About this task ▸ Only the lines from the start of the data through the line with "سه تیکه مدل" belong in the copy. Restate them word for word, minus the pictures.

[Stored data entries]
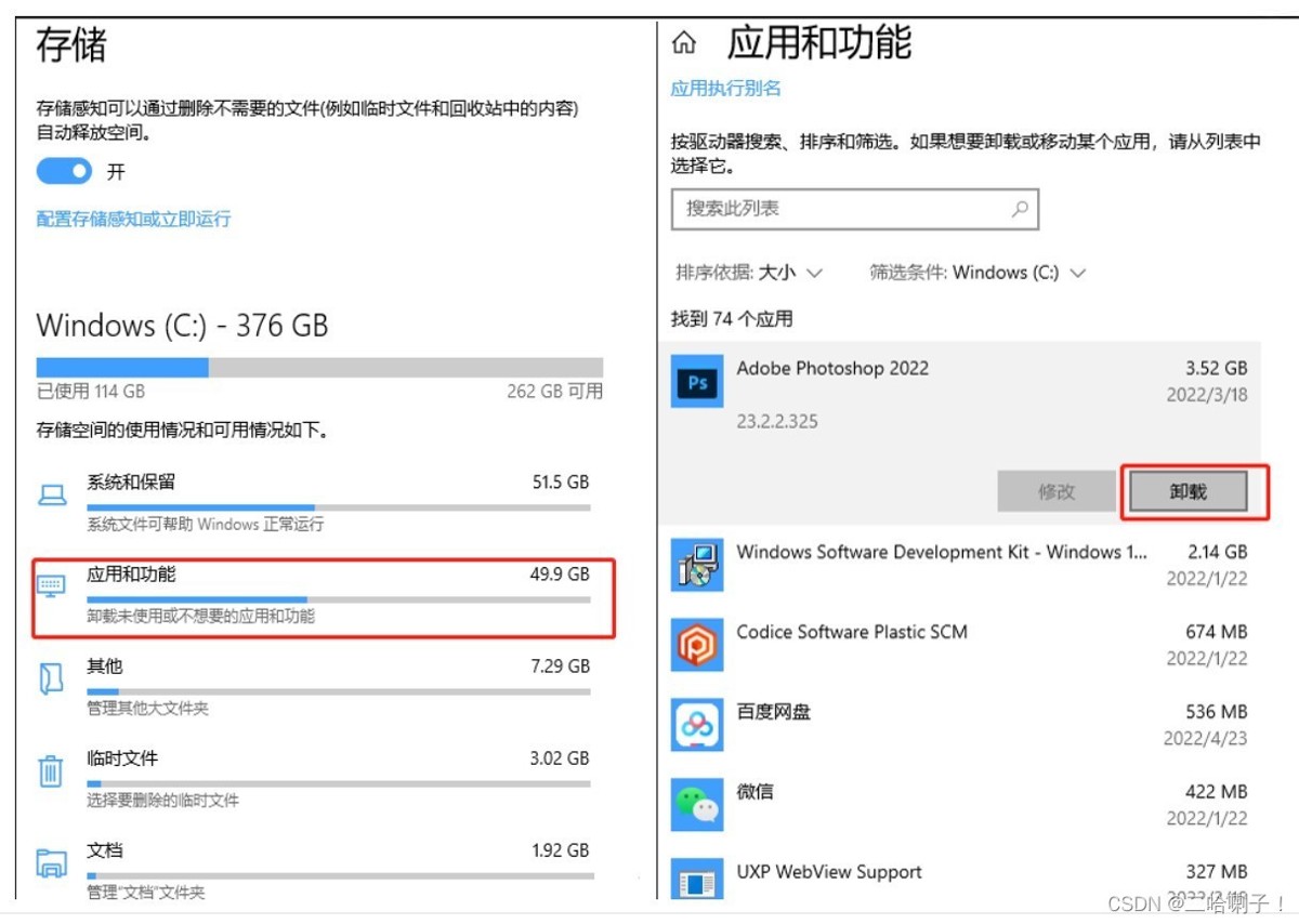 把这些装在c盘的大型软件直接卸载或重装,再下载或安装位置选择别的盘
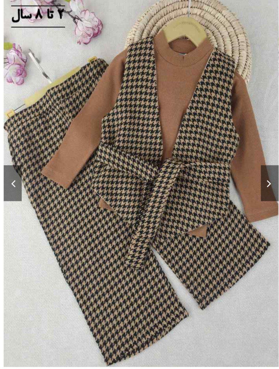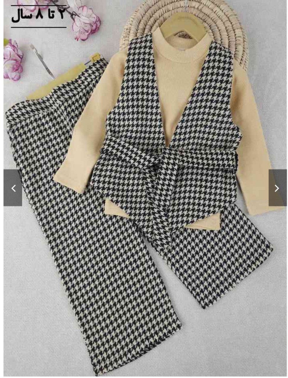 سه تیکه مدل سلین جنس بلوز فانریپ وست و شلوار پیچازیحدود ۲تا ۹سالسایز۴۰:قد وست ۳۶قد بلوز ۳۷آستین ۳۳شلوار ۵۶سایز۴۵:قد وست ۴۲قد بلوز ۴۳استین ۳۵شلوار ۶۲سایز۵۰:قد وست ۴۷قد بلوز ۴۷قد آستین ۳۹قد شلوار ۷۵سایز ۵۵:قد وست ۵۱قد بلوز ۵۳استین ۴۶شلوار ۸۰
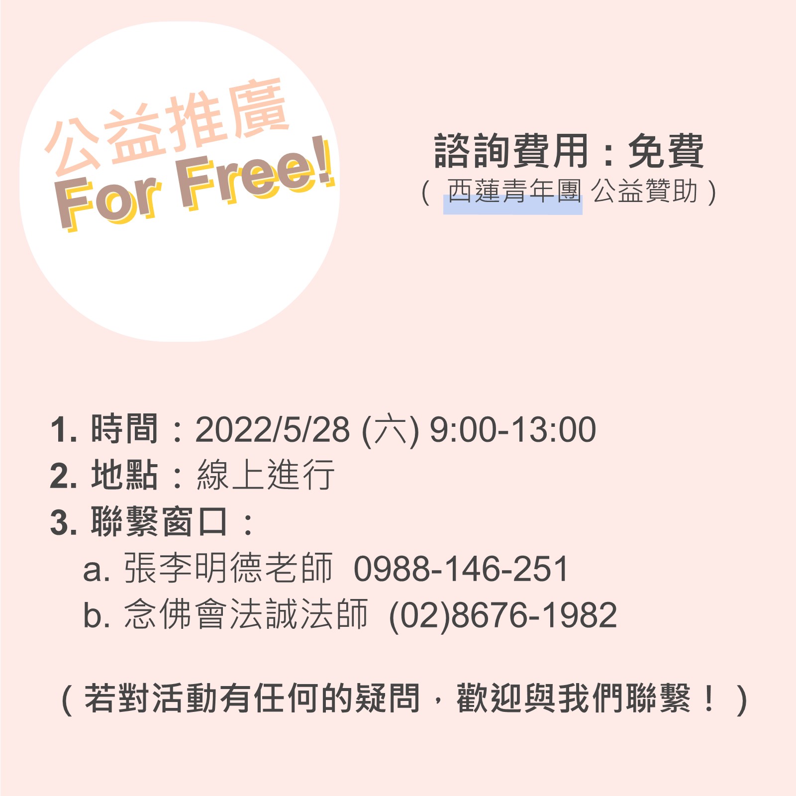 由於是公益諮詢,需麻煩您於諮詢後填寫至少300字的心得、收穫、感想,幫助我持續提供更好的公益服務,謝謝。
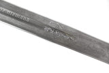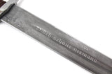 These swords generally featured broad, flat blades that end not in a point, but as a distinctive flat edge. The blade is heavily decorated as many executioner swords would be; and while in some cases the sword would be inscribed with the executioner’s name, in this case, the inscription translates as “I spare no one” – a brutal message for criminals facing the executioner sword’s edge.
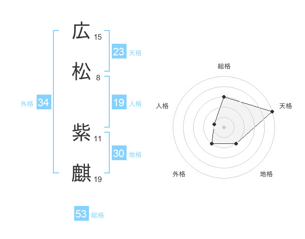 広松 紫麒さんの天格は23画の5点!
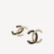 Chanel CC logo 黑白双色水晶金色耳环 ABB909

Exercise answer ▸
 把这些装在c盘的大型软件直接卸载或重装,再下载或安装位置选择别的盘
 سه تیکه مدل سلین جنس بلوز فانریپ وست و شلوار پیچازیحدود ۲تا ۹سالسایز۴۰:قد وست ۳۶قد بلوز ۳۷آستین ۳۳شلوار ۵۶سایز۴۵:قد وست ۴۲قد بلوز ۴۳استین ۳۵شلوار ۶۲سایز۵۰:قد وست ۴۷قد بلوز ۴۷قد آستین ۳۹قد شلوار ۷۵سایز ۵۵:قد وست ۵۱قد بلوز ۵۳استین ۴۶شلوار ۸۰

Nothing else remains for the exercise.